Perderam o emprego em 1993 e continuam a lutar nos tribunais. Agora, uma decisão europeia reforça a possibilidade de antigos trabalhadores da Air Atlantis receberem uma indemnização do Estado português por erros judiciais. Ainda cabe à Justiça portuguesa verificar os requisitos necessários para essa reparação.
O acórdão foi proferido em 8 de setembro pelo Tribunal de Justiça da União Europeia (TJUE), no processo que opõe João Filipe Ferreira da Silva e Brito e outros antigos trabalhadores ao Estado português.
Emprego acabou, mas os voos continuaram
O despedimento coletivo produziu efeitos em 30 de abril de 1993. Logo no dia seguinte, a TAP começou a assegurar parte dos voos que a Air Atlantis tinha contratado para o verão, utilizando quatro dos oito aviões explorados pela empresa dissolvida.
Os trabalhadores alegaram ter aceitado a compensação pelo despedimento convencidos de que o encerramento era inevitável. Segundo a informação divulgada pelo ECO, que cita o Jornal de Negócios, desconheciam que a TAP ficaria com equipamento e prosseguiria parte das operações.
Trabalhadores pediram integração na TAP
Foi essa continuidade que levou os antigos funcionários a contestarem o despedimento e a pedirem integração na TAP, principal acionista da Air Atlantis. A discussão passou a centrar-se na existência de uma transferência de estabelecimento e nas consequências para os contratos de trabalho.
Em 2007, o Tribunal do Trabalho de Lisboa condenou a TAP a reintegrá-los e a indemnizá-los. No ano seguinte, a Relação de Lisboa alterou essa sentença, de acordo com a fonte anteriormente citada.
Por que é o Estado chamado a responder
Em 2009, o Supremo Tribunal de Justiça rejeitou o recurso dos trabalhadores sem pedir esclarecimentos ao Tribunal da Justiça da União Europeia (TJUE) sobre a interpretação das regras europeias. Os antigos funcionários avançaram então com uma ação contra o Estado pelos prejuízos que atribuíam àquela decisão.

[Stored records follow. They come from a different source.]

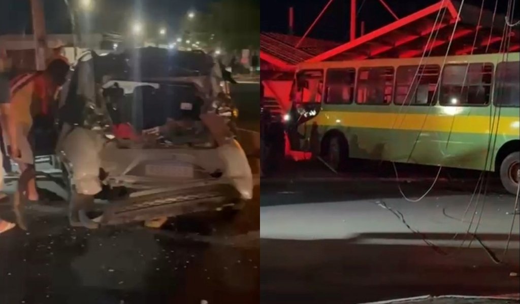 Um ônibus desgovernado atingiu um carro que estava parado no semáforo de um cruzamento da Avenida Duque de Caxias, na zona Norte de Teresina (PI), na noite dessa sexta-feira (13). O coletivo invadiu o Terminal do Buenos Aires e puxou a fiação, deixando a região sem energia elétrica.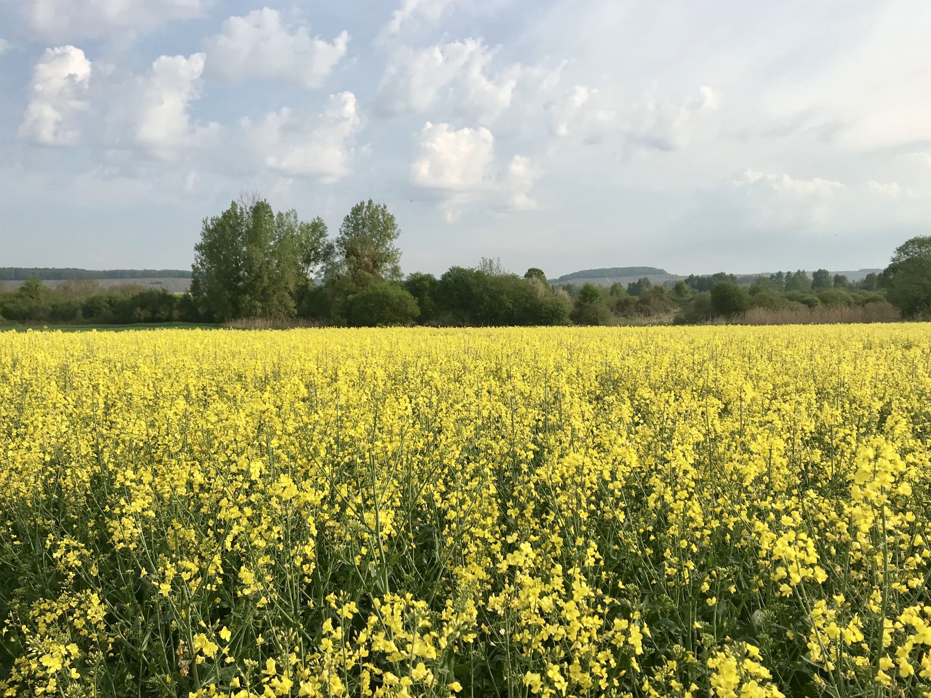To get here we drove through acre after acre of sprawling canola fields – or colza as they call it in France. From a distance, it appears as though the yellow has been painted into the green. When we get out of the car to take a photo it’s almost as tall as me – which, admittedly, probably doesn’t mean a whole lot…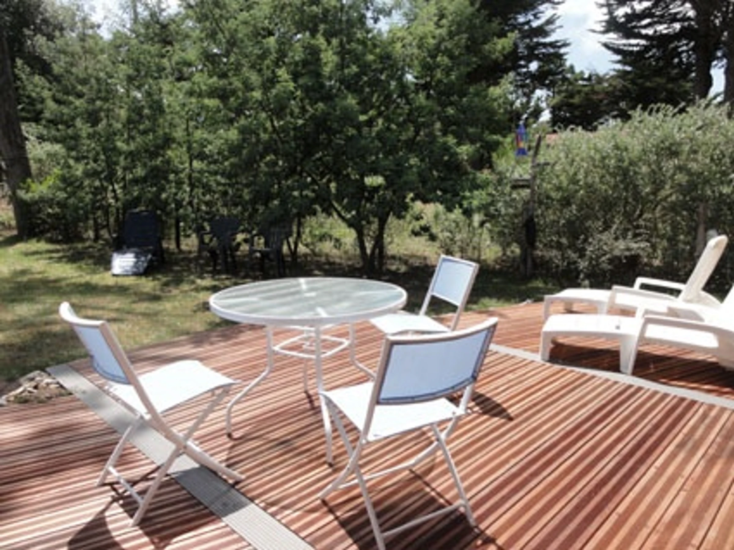 Casa unifamiliar en un gran terreno cerrado y sombreado frente al bosque de Eloux - comodidad - aproximadamente 85 m² - 5 personas incluyendo sala de estar con zona de estar + 1 cama de 90 cm - área de cocina amueblada y equipada, un dormitorio con 1 cama de 140 cm, un dormitorio con 1 cama de 140 cm con lavabo - Los dormitorios están equipados con mosquiteros, cuarto de ducha, WC. Lavadora con ojo de buey en el sótano, horno de pirólisis, mini-horno, microondas, lavavajillas, TV de pantalla plana grande, cuna y bañera - Muebles de jardín, sombrilla, 2 tumbonas, 1 tumbona - Uso del inserto prohibido - Aparcamiento en la propiedad - Solo se permite un perro pequeño - Cargo de limpieza disponible: 87 €.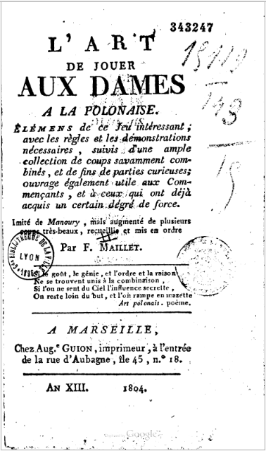 1804 L'art de jouer Aux Dames a la Polonaise F. Maillet |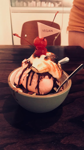 It was adorable in all its detail and lots of sitting room. The flavors were intensly delicious! Im not vegan and tried a couple of flavors but their vegan Thai ice tea has me thinking about it 3 days later. I got cardamom when I was there but Im going back for Thai ice tea with a roasted marshmallow top. Also, they have gender neutral bathrooms.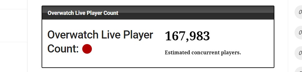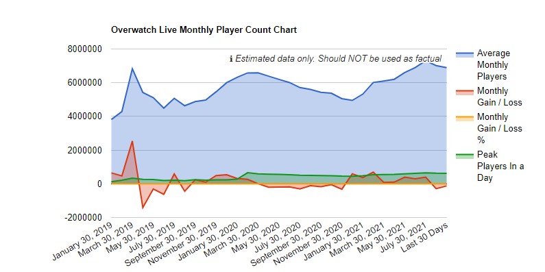 A Blizzardtól kapott utolsó Overwatch játékosszám 40 millió volt még 2018 májusában, a játék második évfordulójának eseményekor. Hónapokkal később azonban a Blizzard havi 37 millió aktív felhasználóról számolt be a 2018. augusztusi negyedéves jelentésben.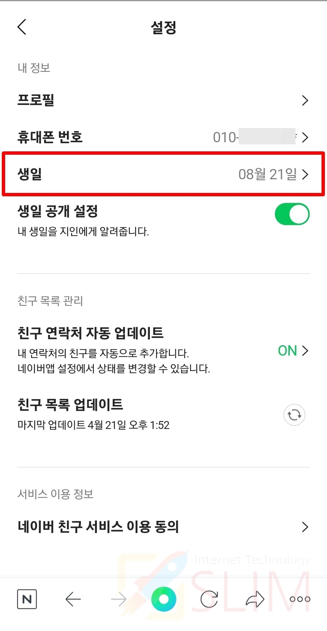 토글바가 왼쪽으로 움직이며 회색으로 바뀐 것이 비활성화된 것입니다. 이제 내 생일이 네이버 친구들에게 알림으로 가지 않습니다.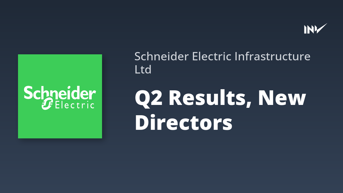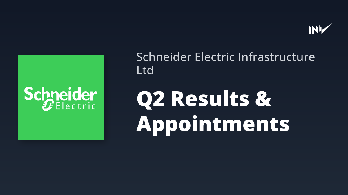 Company Results1 Min Read InvestyWise NewsonNovember 7, 2025 Schneider Electric Board Approves Q2 Results, Director Appointments Schneider Electric Infrastructure Limited’s board has approved the unaudited financial results for Q2 2025, ending September 30, 2025.…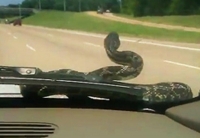 В Череповце змея выползла из движущегося автомобиля на Октябрьском мосту. По информации официального сайта города металлургов, курьезный инцидент произошел вчера около 6 часов вечера. «Гостью из леса» увидела на своем капоте автоледи, которая сидела за рулем автомобиля, ехавшего по мосту. Женщина остановила машину, но зверюга в тот же момент заползла обратно.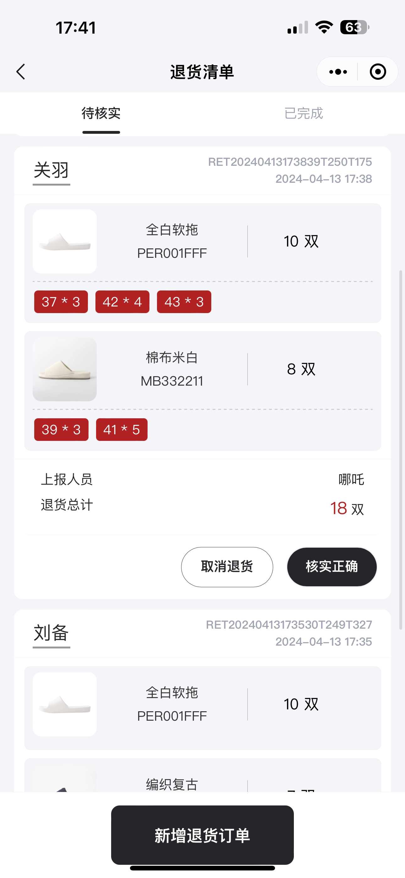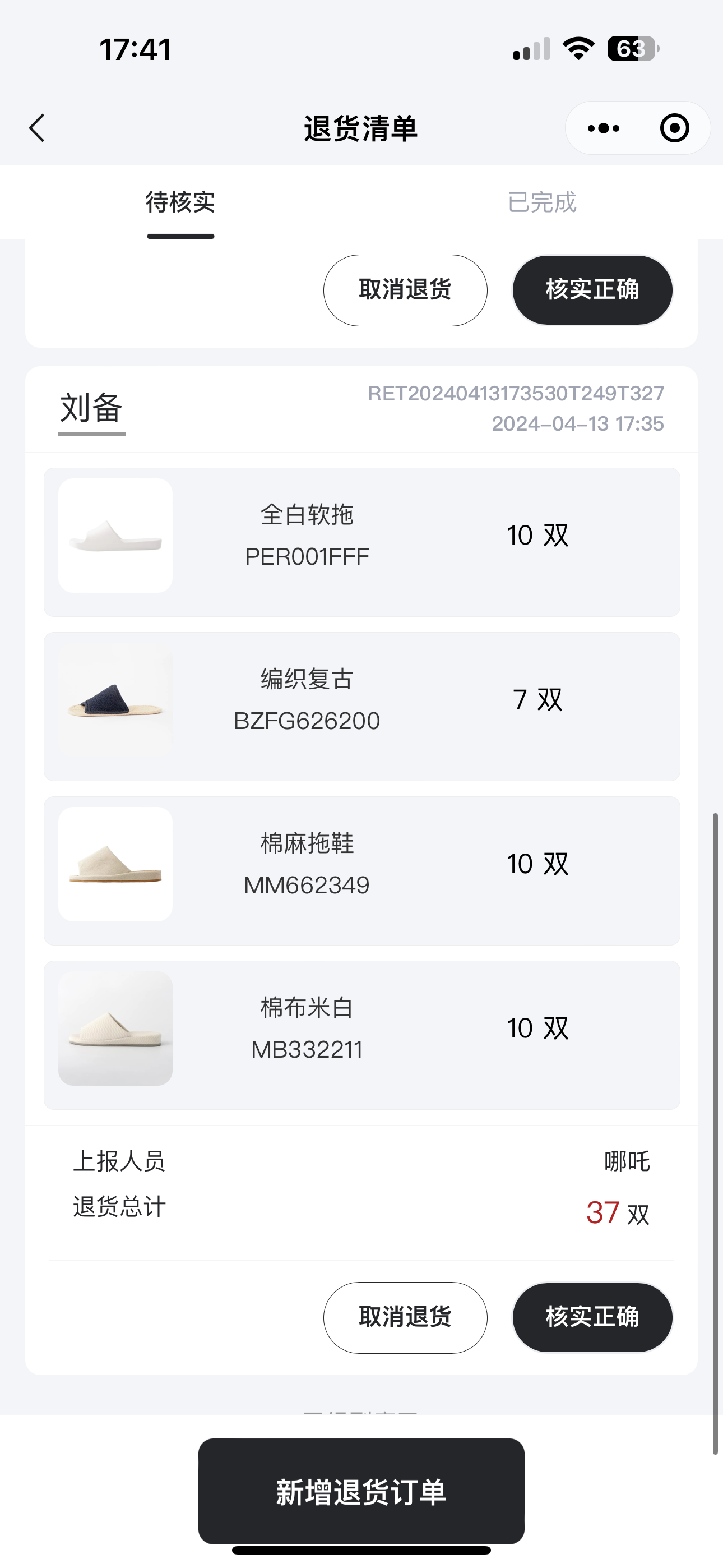 如果在审核过程中发现任何问题或数据出错,高级管理员有权限取消这一笔退货订单。取消后,相关人员需要重新提交一个准确的退货申请。 对于那些审核中 “ 正确 ✅ ” 的退货订单,管理员可以点击 “ 核实正确 ” 按钮进行确认。一旦退货订单被核实为正确无误,系统将根据该笔退货记录和客户的价格自动计算,然后 “ 自动生成或者合并到用户的每日账单 ” 中,确保账单的准确性和及时性。

De acordo com o comunicado do TJUE, em 2015 o tribunal europeu já tinha considerado existir uma transferência de empresa e concluído que o Supremo deveria ter solicitado esses esclarecimentos.
Nova decisão aponta erros do Supremo
No acórdão deste mês, o TJUE identifica erros na interpretação das regras europeias, tendo em conta decisões que já existiam quando o Supremo se pronunciou em 2009.
A ausência de consulta ao tribunal europeu também pesa nessa avaliação. Estes elementos apontam para uma violação suficientemente grave para poder responsabilizar o Estado, embora essa verificação caiba ao tribunal português.
Compensação recebida não eliminava estes direitos
O acórdão esclarece ainda que, numa transferência de empresa abrangida pelas diretivas europeias, receber a compensação legal por despedimento coletivo não pode retirar ao trabalhador a possibilidade de contestar o despedimento e reclamar a proteção conferida por essas regras.
Esta conclusão diz respeito aos direitos protegidos pelas diretivas sobre transferência de empresas. Não significa que qualquer trabalhador que tenha recebido uma compensação passe automaticamente a ter direito a outro pagamento, de acordo com as fontes anteriormente citadas.
O tribunal português terá de verificar a gravidade da violação e a ligação direta entre essa violação e os prejuízos reclamados. O acórdão europeu não fixa valores nem estabelece uma data para o pagamento.